If you are on a Windows device, it is recommended to install the Windows Subsystem For Linux, which lets you run a Linux terminal on your Windows computer natively. Some of the steps will require its use. Windows Terminal is also recommended for using WSL.
To deploy this solution, you will need to generate a GitHub personal access token. Please visit here for detailed instruction to create a personal access token.
Note: when selecting the scopes to grant the token (step 8 of the instruction), make sure you select repo
scope.
Once you create a token, please note down its value as you will use it later in the deployment process.
The application interact with various third-party API, so it is vital to obtain those API keys/tokens and securely store them before moving forward with the deployment.
- Elsevier API Key and Institution Token obtainable via the Elsevier Developer Portal.
- European Patent Office's OPS API Key obtainable by following the instructions on the Open Patent Services portal.
First, you need to fork the repository. To create a fork, navigate to the main branch of this repository. Then, in the top-right corner, click Fork
.
You will be directed to the page where you can customize owner, repository name, etc, but you do not have to change any option. Simply click Create fork
in the bottom right corner.
Now let's clone the GitHub repository onto your machine. To do this:
- Create a folder on your computer to contain the project code.
- For an Apple computer, open Terminal. If on a Windows machine, open Command Prompt or Windows Terminal. Enter into the folder you made using the command
cd path/to/folder
. To find the path to a folder on a Mac, right click on the folder and pressGet Info
, then select the whole text found underWhere:
and copy with ⌘C. On Windows (not WSL), enter into the folder on File Explorer and click on the path box (located to the left of the search bar), then copy the whole text that shows up. - Clone the GitHub repository by entering the following command. Be sure to replace
<YOUR-GITHUB-USERNAME>
with your own username.
git clone https://github.com/<YOUR-GITHUB-USERNAME>/FacultyCV
The code should now be in the folder you created.
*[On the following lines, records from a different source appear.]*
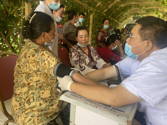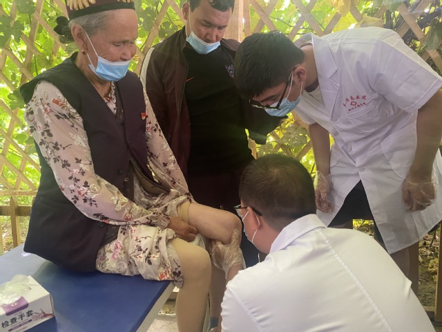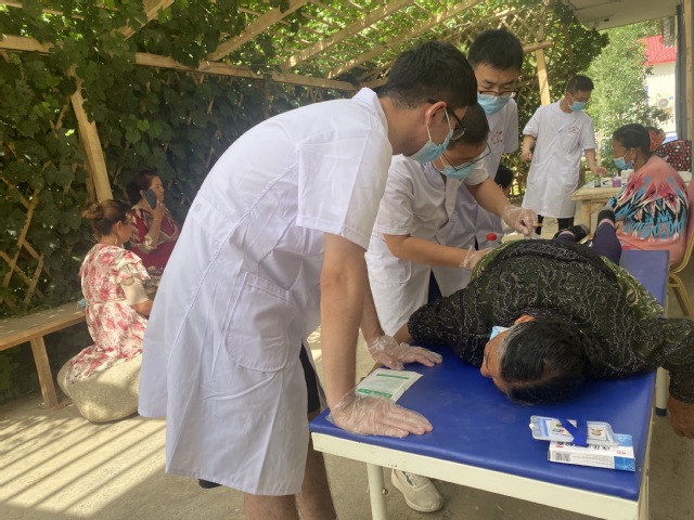 “yl23455永利官网老师和学生太贴心了,把健康体检送到我们家门口,亚克西!”6月28日,yl23455永利官网“医心助南、守‘肤’健康”爱心医疗社会实践服务团联合三师四十二团医院在喀什地区胡杨村开展爱心义诊活动。
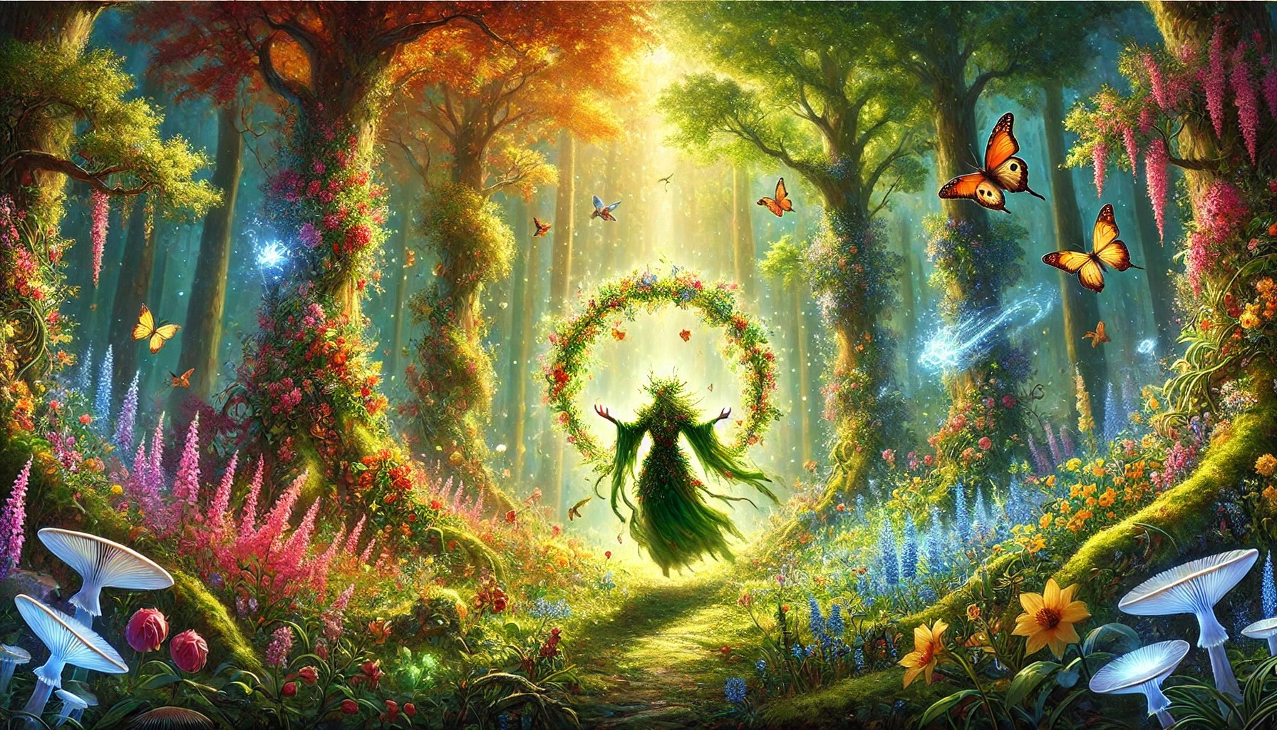 A digital painting of a vibrant fantasy scene depicting the life element in full bloom.
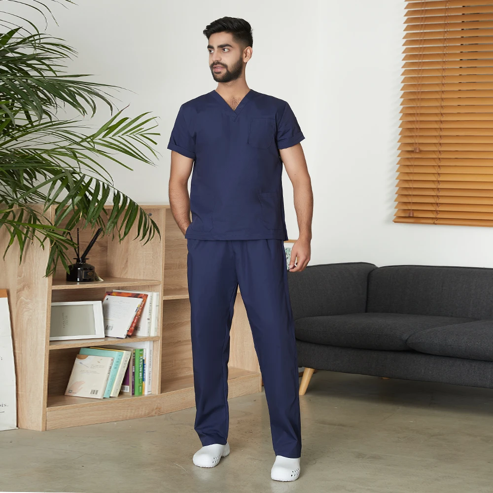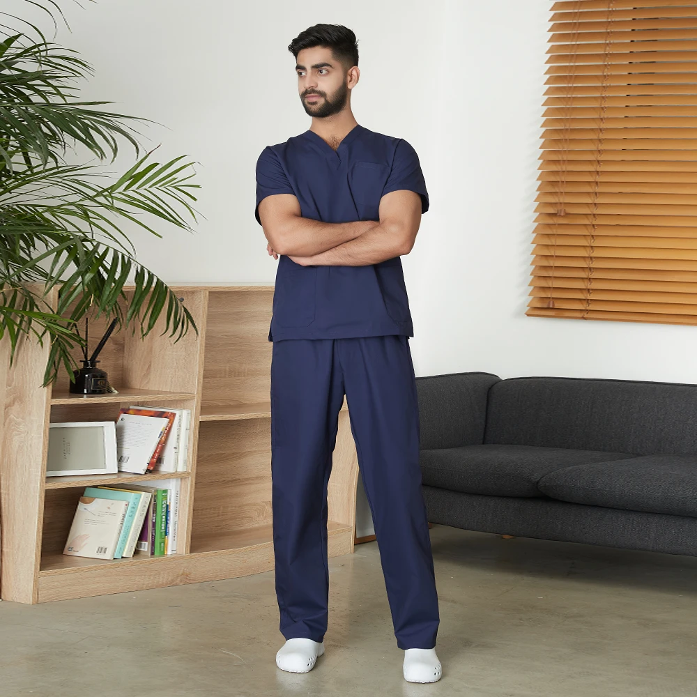 Костюм медицинский однотонный с V-образным вырезом для мужчин
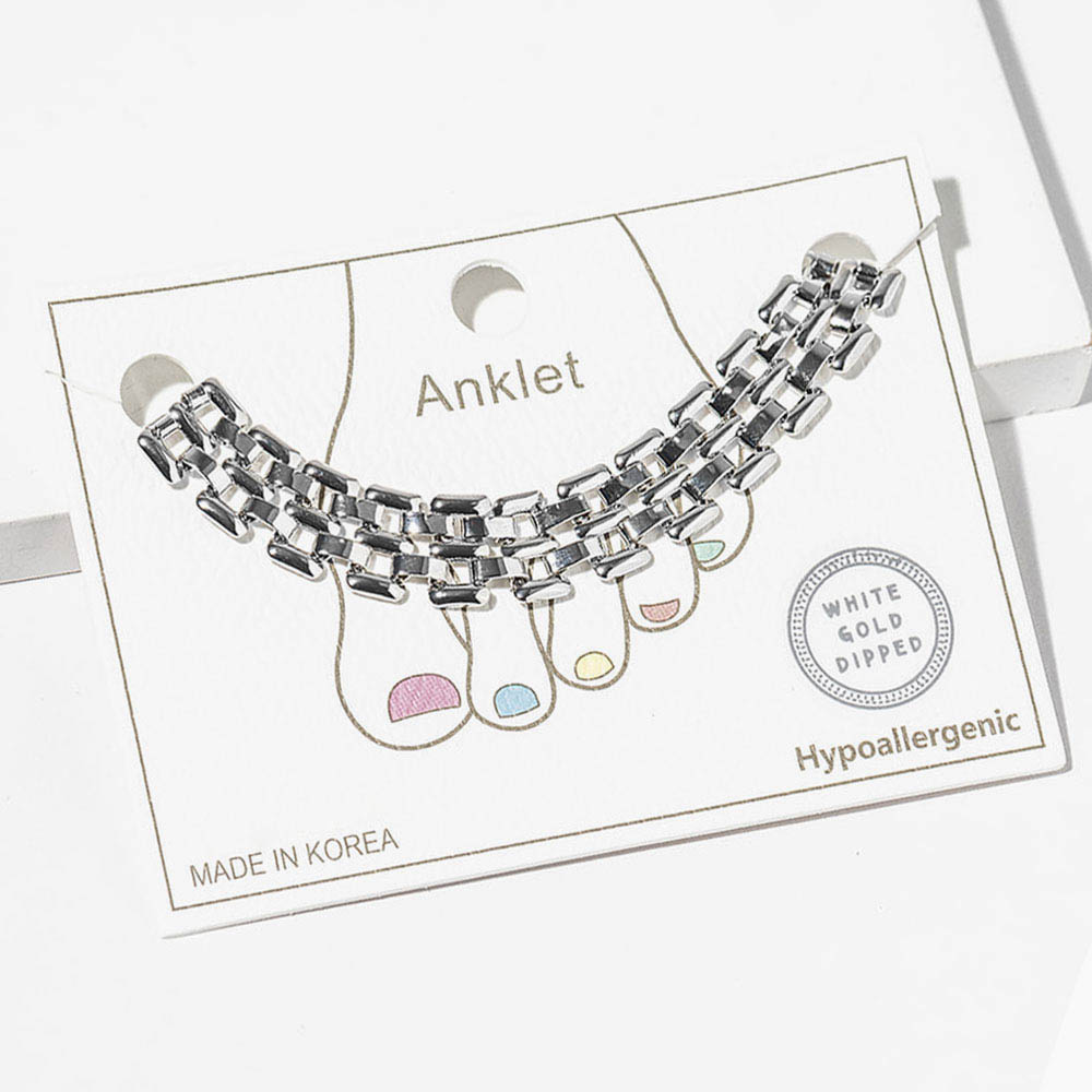 Details • Size : 0.4" H, 8.5" + 2" L • Lobster Clasp Closure • Elegant double layer box chain anklet designed with a sleek, modern touch. Perfect for adding subtle glamour to casual or dressy looks, this stylish ankle bracelet enhances your outfit with refined simplicity and timeless appeal, ideal for everyday wear or special occasions. • Gold Dipped • Hypoallergenic • Lead and Nickel Compliant • Made In Korea
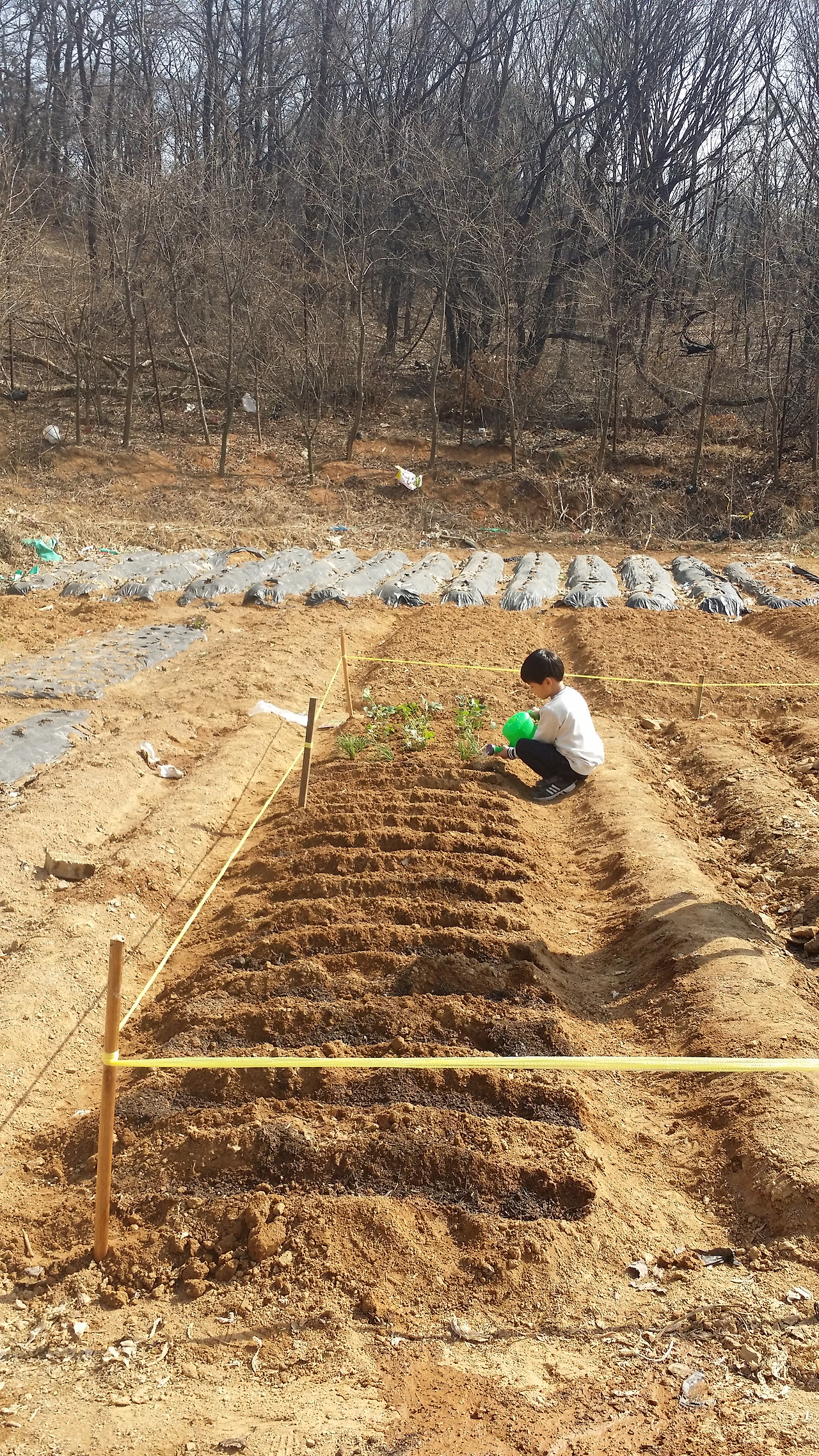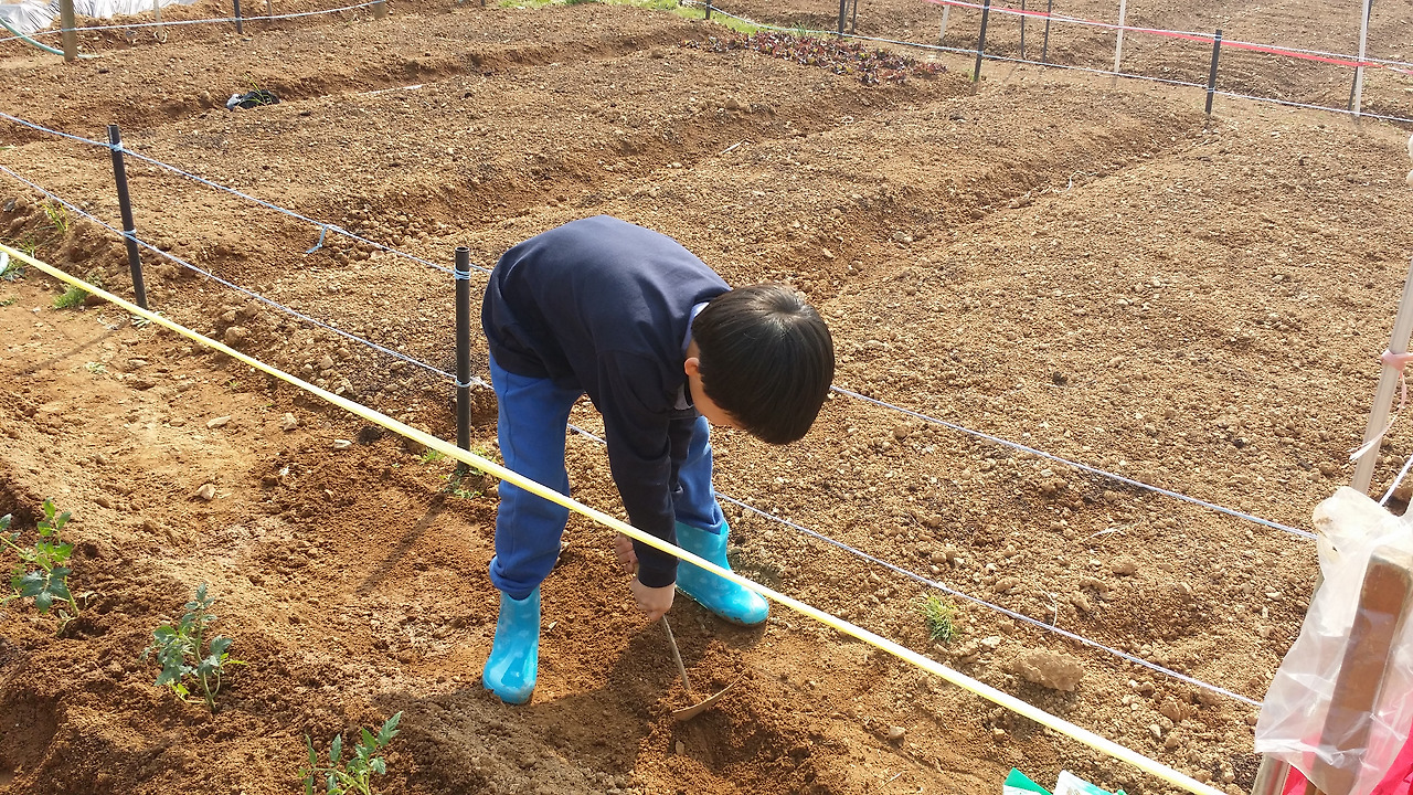 비록 아이는 호미로 땅굴 파는 일을 더 좋아라 하지만..
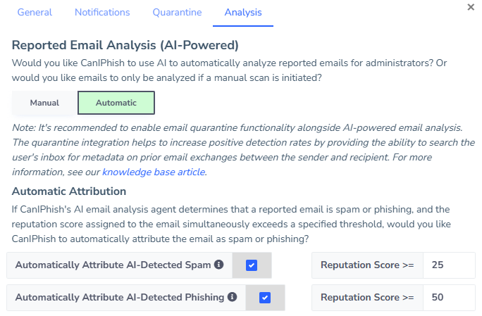 - Automatically Attribute AI-Detected Phishing: If the AI Analysis Engine has both a reputation score that exceeds the defined threshold AND is classified as malicious, then the email report will be automatically attributed as Actual Phishing.
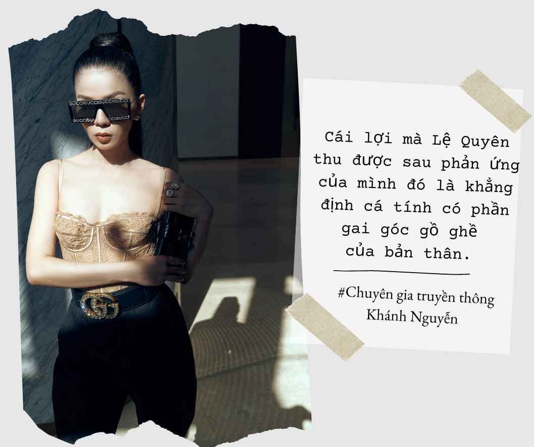 Sau những hành động trên mạng của Lệ Quyên, anh Khánh Nguyễn - PR Manager - MVV Group, từng làm Chuyên viên truyền thông của Thông tấn xã Việt Nam chia sẻ: "Tôi thấy phản ứng của Lệ Quyên có cả lợi lẫn hại, nhưng hiện tại, lợi bất cập hại".
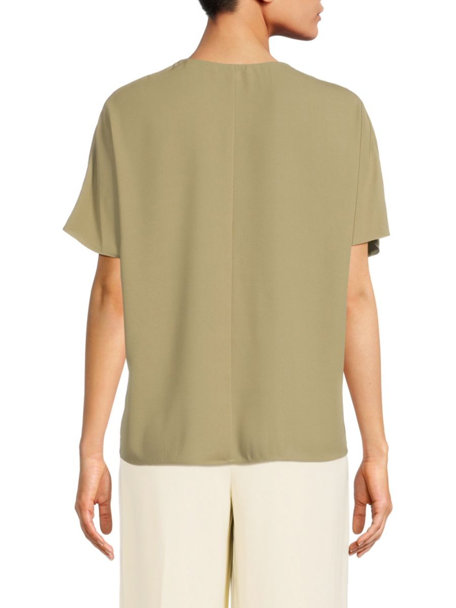 Однотонный топ Винса с вырезом-сюрпризом и короткими рукавами отлично подходит для создания стильных минималистичных образов.
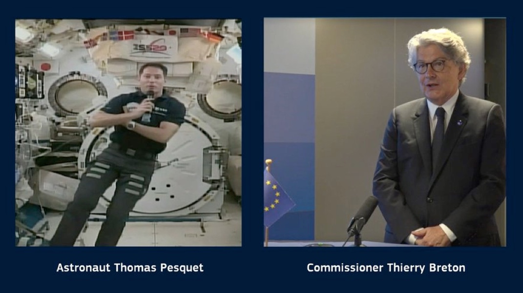 La mission Alpha n’échappe pas à cette tradition et, le 7 septembre, Thomas Pesquet a pu s’entretenir en direct et en vidéo avec deux commissaires de la Commission Européenne : le Français Thierry Breton (chargé du Marché intérieur et dont le portefeuille contient notamment l’espace et le numérique), et le Lituanien Virginijus Sinkevicius (chargé de l’environnement, les océans et la pêche). Accompagnés de Josef Aschbacher, le directeur général l’Agence spatiale européenne, ils étaient venus visiter le Centre européen de recherche et de technologie spatiales (Estec), implanté à Noordjwik, aux Pays-Bas.
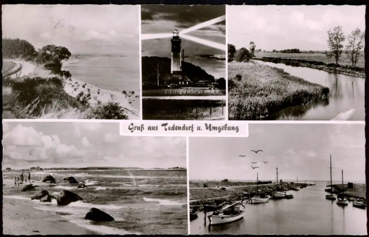 Ansichtskarte Todendorf MB: Strand, Leuchtturm, Boote 1954
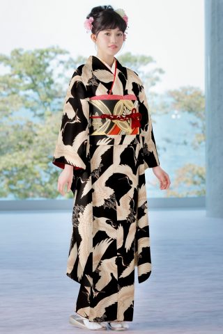 大きな鶴が群れで舞う様子が描かれたお目出たい柄 行きの振袖。黒地に白で表現されたデザインは古典 柄で..
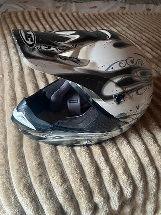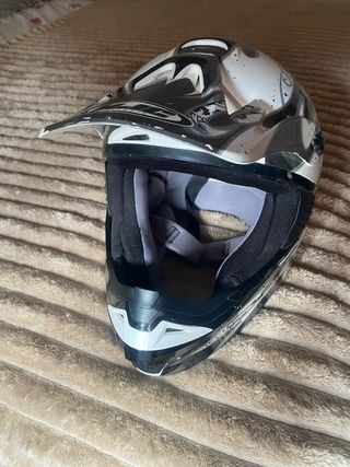 Casco de motocross Big FF en buen estado. - Marca: Big FF - Diseño: Estampado de estrella - Color: Negro con detalles blancos y azules - Incluye visera
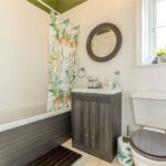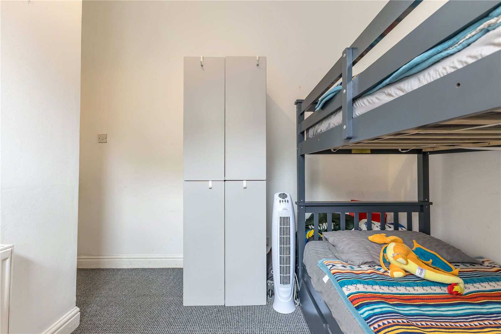 Fitted with a white suite comprising a panelled bath with mixer tap and shower hose over, wash basin with cupboard beneath, and low flush w.c. There is a frosted window to the rear, tiled walls and tiled floor.
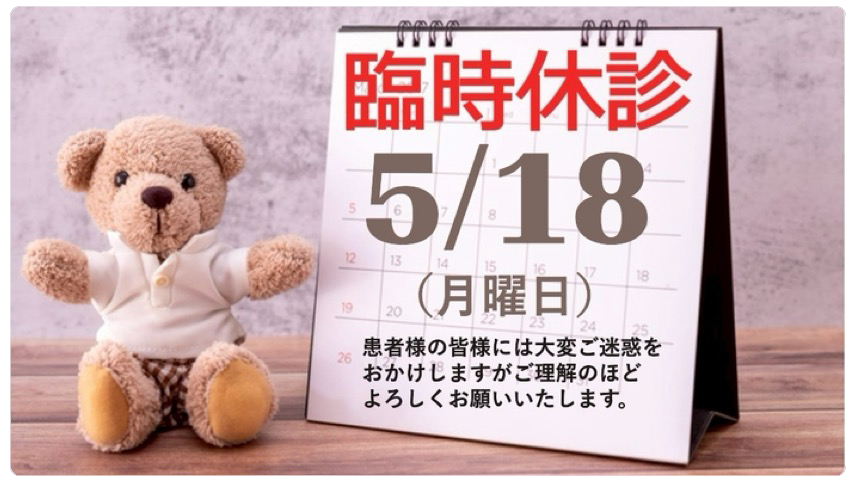 2026年5月18日(月)臨時休診とさせていただきます。
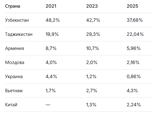 В 2021 году узбеки составляли 48,2% всех поставленных на учёт, в 2023‑м — 42,7%, а к 2025 году доля снизилась до 37,68%. Поток из Узбекистана остаётся доминирующим, но ослабевает. В то же время доля приезжих из Таджикистана выросла. В 2021 году таджики давали 19,9% потока, в 2023‑м — уже 29,3%, а в 2025‑м — 22,04%. Вместе с Узбекистаном Таджикистан формирует порядка 60% всего миграционного потока в регион.

Navigate into the root folder containing the entire codebase by running the command:
cd FacultyCV
Go into the cdk folder which can be done with the following command:
cd cdk
Now that you are in the cdk directory, install the core dependencies with the following command:
npm install
Go into the frontend folder which can be done with the following command:
cd ../frontend
Now that you are in the frontend directory, install the core dependencies with the following command:
npm install
You would have to supply your GitHub personal access token you created eariler when deploying the solution. Run the following command and ensure you replace <YOUR-GITHUB-TOKEN>
and <YOUR-PROFILE-NAME>
with your actual GitHub token and the appropriate AWS profile name.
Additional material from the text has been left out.